Nach dem Überraschungserfolg des ersten Teils und den überaus positiven Kritikerstimmen sind die Erwartungen an Regisseur James Gunn sehr hoch. Die gute Mischung aus Action, Ernsthaftigkeit, Humor und unverwechselbarem Soundtrack haben GotG für viele zu einem der besten Filme des MCUs gemacht. Eine Ausgewogenheit, die bei Vol.2 leider ein wenig verfehlt wird. Der Film ist zwar irre lustig, verpatzt aber genau dadurch gerne mal die ein oder andere emotionale oder epische Szene. An vielen Stellen versucht man einfach krampfhaft lustig zu sein und sich selbst zu beweihräuchern. Dadurch bleibt die Ernsthaftigkeit trotz einiger wirklich nachdenklicher und sogar philosophischer Momente größtenteils auf er Strecke. Die Action beschränkt sich darüber hinaus vollkommen auf CGI-Geballer zwischen Lebewesen oder Raumschiffen. Kampfchoreografien gibt es so gut wie keine, Gamora und Drax sind dieses Mal eigentlich nur verbal tätig, was allerdings auch dem Bösewicht geschuldet ist, der eher für ein Spin-Off geeignet wäre. Was ihn nicht schlecht macht, tatsächlich gehört er eher zu den besseren des MCUs, er will nur irgendwie nicht so reinpassen. Das einzige von den vier Aspekten, das noch perfekt dosiert ist, ist die Musik. Natürlich bleibt der Überraschungseffekt des ersten Teils aus, die Titel sind aber trotzdem toll und machen einfach gute Laune. Allerdings haben auch hier die Songs in Vol.1 ein wenig besser mit dem Film harmoniert und die Bilder mehr mit den Songs interagiert.

Was die Charaktere angeht, ist Guardians of the Galaxy Vol. 2 allerdings ohne Frage eine große Bereicherung. Wir bekommen mehr von Yondu zu sehen, der übrigens absolut grandios von Micheal Rooker gespielt wird, Drax bekommt hier die besten (lustigsten und nachdenklichsten) Momente des gesamten Filmes und auch Rocket fährt zur Höchstform auf – und Baby Groot ist halt Baby Groot. Da bleiben Peter und Gamora sogar schon ein bisschen zurück. Darüber hinaus gibt es eine Vielzahl an toller Cameos, überraschender Gastauftritte und irrwitziger Easter Eggs.

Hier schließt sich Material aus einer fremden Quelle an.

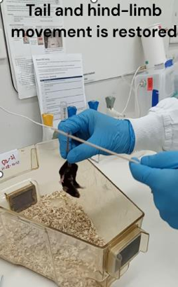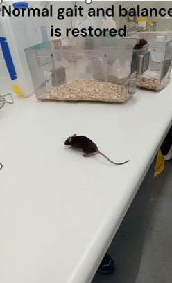 Day 30 during the MS-like disease course (15 days after daily oral treatment with DioprotectomeTM): The mouse’s tail and hind-limb functions were restored and showed significant improvement in walking

Was mich dann aber doch relativ schnell wirklich gravierend gestört hat, ist der übermäßige CGI-Einsatz. Klar, es sauschwer solch fremde Welten ohne den Gebrauch von Computern zu erstellen, allerdings spüre ich einfach zu oft, dass nichts um die Darsteller herum echt ist, und das ist einfach nicht gut für das Kinoerlebnis. Da muss aber jeder selbst wissen, wie sehr einen das stört.

Zu der Story selbst lässt sich nicht allzu viel spoilerfrei sagen, wobei sich meines Erachtens nach die erste Hälfte ein wenig konfus angefühlt, als wüsste man nicht so ganz wo man hinwill. Es wird viel Nebensächliches gezeigt, was die Geschichte nicht wirklich voranbringt, man hätte getrost eine halbe Stunde streichen können aus den schon beachtlichen 136 Minuten. Allerdings hat das nicht nur sein Schlechtes, denn 90% des veröffentlichten Trailermaterials stammt aus dieser ersten Hälfte, verrät also absolut nichts über die eigentliche Story, was ich hiermit auch nochmal lobend erwähnen möchte.
Zum 3D gibt es nicht viel zu sagen, es gibt ein paar nette Effekte, sonst recht unauffällig.

Fazit: Im Großen und Ganzen ist Guardians of the Galaxy Vol. 2 ein zufriedenstellender Film. Wer den ersten mochte, wird diesen wohl genauso mögen. Teil 1 ist besser, Teil 2 ist lustiger.

Aber im Endeffekt – WELCOME TO THE FREAKIN‘ GUARDIANS OF THE GALAXY!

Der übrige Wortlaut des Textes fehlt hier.